Fri Sep 23, 2016

Like many habitual internet users, I strongly believe that I have never bought anything advertised to me on the web, nor have any of these ads affected my behavior beyond momentary irritation. I sometimes take ad-blocking steps and am well aware of cookies, browser-entropy measures, and the wily IP address. My disdain for the so-called “Flash” plugin is complete. What, then, could a book primarily focused on the marketing models used by data scientists to target consumer behavior on the web tell me? Nothing that I didn’t already know, right?

The argument from overconfidence in prior knowledge is all-too familiar for those of us who dabble in computational work in the humanities. I did indeed learn much from Cathy O’Neil’s Weapons of Math Destruction: How Big Data Increases Inequality and Threatens Democracy. I’m not in fact naive enough to believe that marketing on the internet has not affected my behavior. One example: I visit Austin several times a year. What I believe to be a gas-station skimmer on HWY 71 stole my credit card number at least twice. Despite the fact that I’ve never made a late payment (at least not in a long time—I was once in graduate school, after all), my credit limit was soon reduced. These ‘models’ apparently can infer that if I’m stupid enough to get burned by the same rural gas station scam twice, they should go ahead and limit their exposure. And I can’t blame them.

I learn from O’Neil that one major credit-card insurer starts reducing credit limits based on where people shop. It wasn’t mine, but who knows? Maybe that was it. In any case, these WMDs are not only on the internet. They are used for teacher evaluations, college rankings, mortgage applications, and sentencing hearings.

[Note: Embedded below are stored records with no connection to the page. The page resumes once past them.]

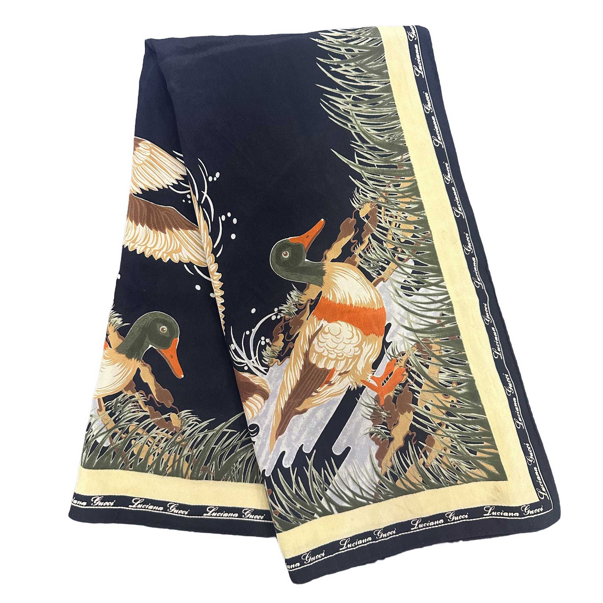 Gucci - Foulard su fondo nero con anatre agli angoli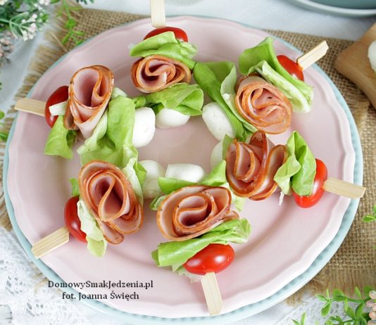 koreczki imprezowe z kiełbasą, pomidorkami, mini mozzarellą oraz sałatą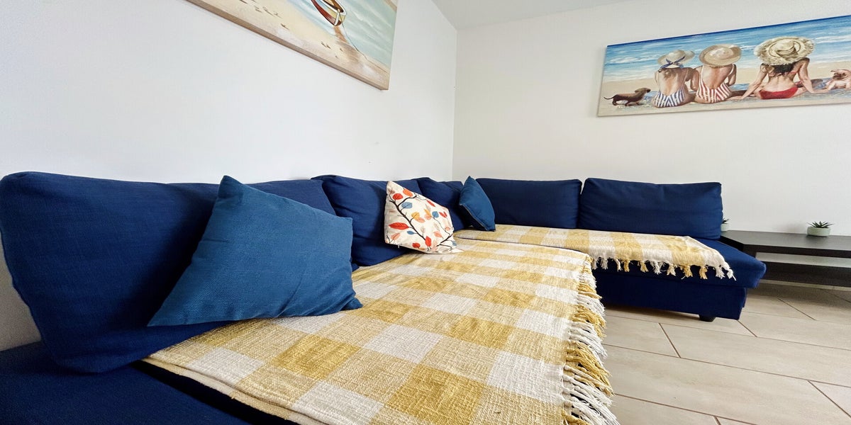 The lounge area is fitted with an L-shaped sofa bed and ceiling fan, with patio doors opening onto a private terrace furnished with a table and chairs for outdoor dining. Two fold-up sun loungers are also provided for guests’ use and must be returned to the apartment if taken to the pool area.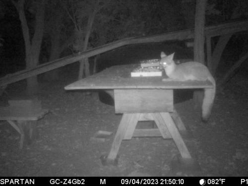 Fox resting on feeding table
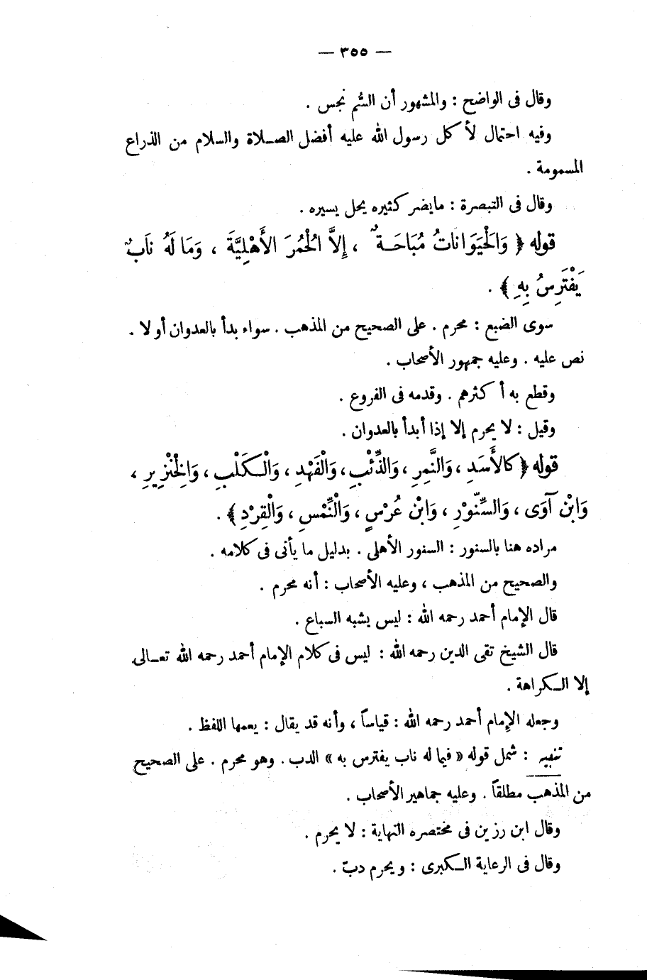 تَنْبِيهٌ: شَمِلَ قَوْلُهُ " فِيمَا لَهُ نَابٌ يَفْتَرِسُ بِهِ " الدُّبَّ. وَهُوَ مُحَرَّمٌ عَلَى الصَّحِيحِ مِنْ الْمَذْهَبِ مُطْلَقًا. وَعَلَيْهِ جَمَاهِيرُ الْأَصْحَابِ. وَقَالَ ابْنُ رَزِينٍ فِي مُخْتَصَرِهِ النِّهَايَةِ: لَا يَحْرُمُ. وَقَالَ فِي الرِّعَايَةِ الْكُبْرَى: وَيَحْرُمُ دُبٌّ.

In every case, they make grievous errors. O’Neil documents many of these atrocities, though the ones about teacher evaluations and college rankings caught my particular notice. Perverse incentives often result from overvalued models. With college rankings, enterprising administrators simply fabricate data, encourage applications from students they plan to reject, and gear tactical initiatives around the rankings rather than rational and collaborative planning. O’Neil emphasizes that statistical models are only as good as the data they are trained on; and when that data documents pervasive bias, the models reinforce it. At several points O’Neil writes about the potential of data models to eliminate existing bias. Mortgage applications would be one area. An algorithm, hypothetically, would not engage in “red-lining” behavior. But the more complex the algorithms become, and the more extensive the data that they are trained on, the more likely they are to replicate existing inequalities.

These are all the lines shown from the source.